Le 5 décembre 2017, l'Assemblée générale des Nations Unies a approuvé une résolution proposée par l’Organisation des Nations Unies pour l’alimentation et l’agriculture (FAO) sur la pêche durable, déclarant ainsi le 5 juin Journée internationale de lutte contre la pêche illicite, non déclarée et non réglementée (INN). 

Selon, le chargé des pêches et de l’aquaculture au Bureau sous régional de la FAO pour l’Afrique centrale, Lionel kinadjian, la première Journée internationale de la lutte contre la pêche illicite, non déclarée et non réglementée (INN) a ainsi été célébrée pour la première fois le 5 juin 2018. Elle a constitué une importante occasion de souligner les efforts importants déployés à l'échelle mondiale, régionale et nationale pour lutter contre la pêche illégale.

Le fléau de la pêche INN un enjeu planétaire

Pour M. kinadjian, La pêche Illégale, non déclarée non réglementée reste de nos jours l’une des plus grandes menaces pour les écosystèmes. Des estimations indiquent que la valeur annuelle globale de la pêche illégale et non déclarée non réglementée varie entre 10 et 23,5 milliards de dollars des Etats Unis. Cela représente entre un sixième et un tiers des captures mondiales déclarées, soit entre 11 et 26 million de tonnes de poissons par an. Les pertes dues à cette pêche frauduleuse dans les eaux de l'Afrique subsaharienne sont estimées, elles, entre 1 et 1,5 milliards de dollars des Etats Unis par an, soit près d'un quart du total des exportations annuelles de poissons de l'Afrique.

Il ajoute par ailleurs que les effets de cette pêche sont néfastes, en particulier pour les pays côtiers et les petits États insulaires en développement fortement tributaires des pêcheries. Ces effets affectent négativement les économies nationales, les moyens de subsistance des populations, la sécurité alimentaire et nutritionnelle, ainsi que l'environnement.

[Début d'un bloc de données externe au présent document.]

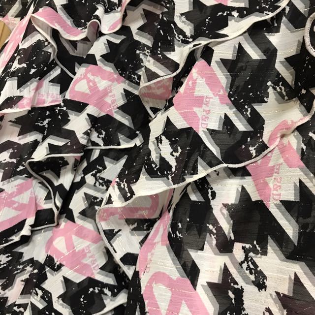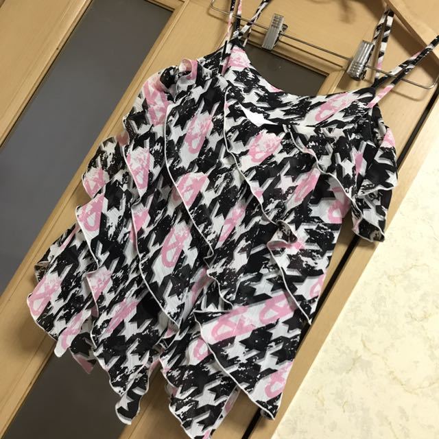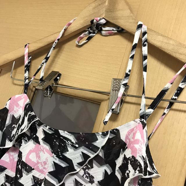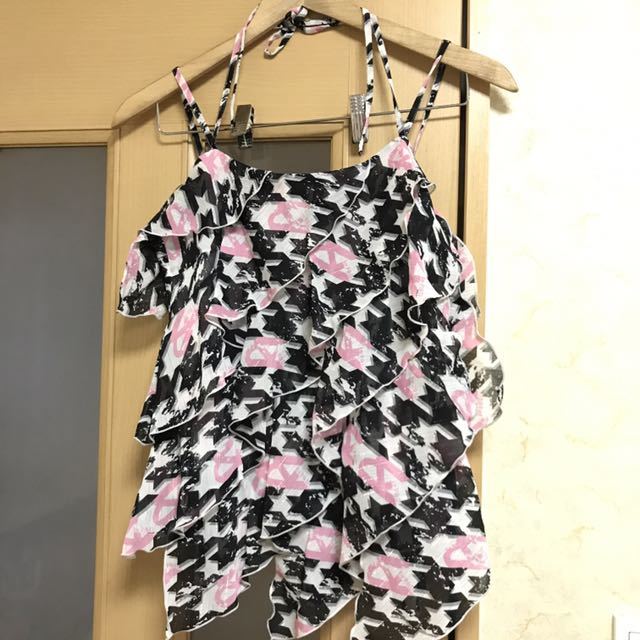 ◆ピンクのロゴにラメスリット糸使いの4段フリルシフォンがヒラヒラ綺麗♪ホルターリボン付♪デニムと合わせてカジュアルにも,またフォーマルやスーツジャケットのインにも素敵です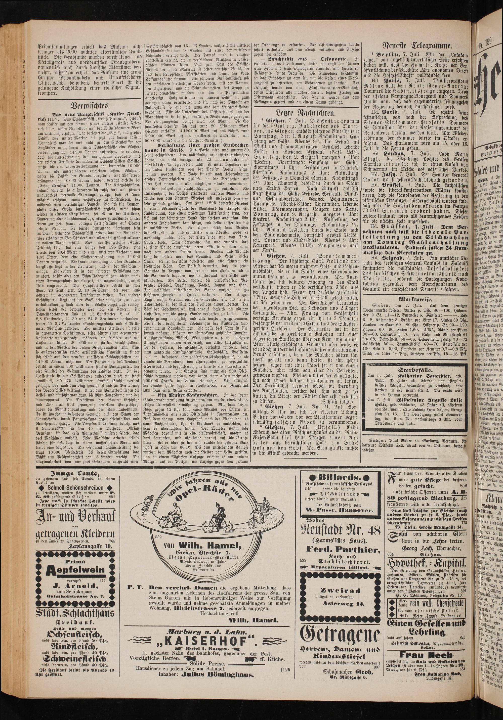 Verleger: Paul Bader in Marburg, Verantw. Re 1 7 Wilhelm Sell, Druck von E. Ottmann, beide eßen. f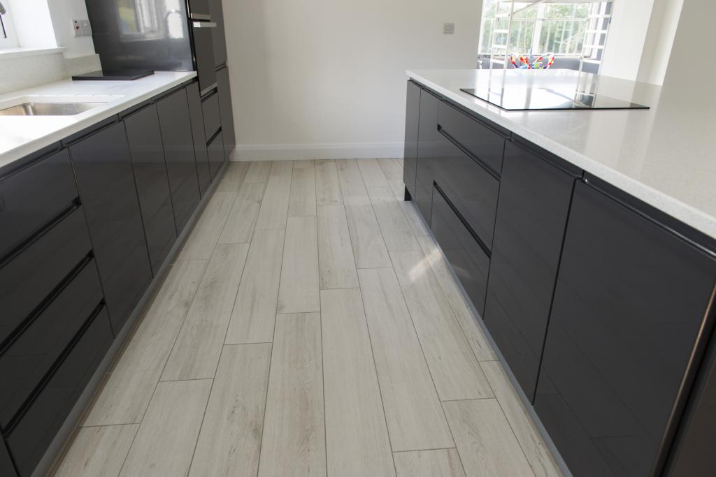 Gallo 22mm handleless door with stainless steel toeboard and Quartz worktop.

Les actions de la FAO pour lutter contre la pêche INN en Afrique centrale et au Gabon en particulier

Pour lutter contre le fléau de la Pêche INN la FAO a développé plusieurs instruments juridiques internationaux, tels que le Code de Conduite pour une Pêche Responsable (1995) ; le Plan d’Action International visant à prévenir, à contrecarrer et à l’imiter la pêche Illicite, Non Déclarée, Non Réglementée (2001). 

Parmi ces instrument l’Accord FAO, 2009 relatif aux Mesures du Ressort de l’Etat du Port (AMREP) visant à prévenir, contrecarrer et éliminer la pêche INN a pour but d’empêcher les navires se livrant à des activités de pêche INN d’utiliser les ports et de débarquer leurs prises, en dissuadant ainsi les navires de continuer à opérer et en bloquant l’accès aux produits issus de la pêche INN aux marchés nationaux et internationaux.  Cet Accord international contraignant est entré en vigueur le 5 juin 2016 avec l’adhésion de 25 Etats.

Le Gabon fut le premier Pays africain à adhérer à cet accord le 15 novembre 2013. L'Union Européenne et 50 autres pays ont déposé des instruments d'adhésion pour devenir Parties de cet Accord, et l'engagement politique pour freiner le fléau de la pêche frauduleuse est en hausse constante. En Afrique Centrale, Sao Tomé et Principe a déposé son instrument d’adhésion à l’AMREP le 22 Novembre 2016, et la Guinée Equatoriale est en passe de compléter, très prochainement, son processus d’adhésion.

Au Gabon, la FAO a appuyé le renforcement des capacités institutionnelles de l’Agence Nationale des Pêches et de l’Aquaculture (ANPA) pour lutter contre les pêche INN, à travers le diagnostic approfondi du système de Suivi Contrôle et Surveillance des Pêches, le développement d’un Plan d’actions et d’investissement pluriannuel de la Direction du Suivi Contrôle et Surveillance de pêches de l’ANPA, ainsi que d’un plan de développement pluriannuel du Centre de Surveillance des Pêches qui abrite l’Unité de Surveillance Satellitaire des Navires de pêche. 

Une Stratégie nationale assortie d’un plan d’action qui identifie les besoins prioritaires pour le renforcement des cadres politiques, réglementaires et opérationnelles a également été élaboré pour la mise en conformité avec l’Accord relatif aux mesures du Ressort de l’Etat du port et d’autres instruments internationaux auxquels le Gabon a adhéré. La mobilisation des ressources par la FAO pour répondre aux priorités identifiées dans ce plan d’action sont actuellement en cours.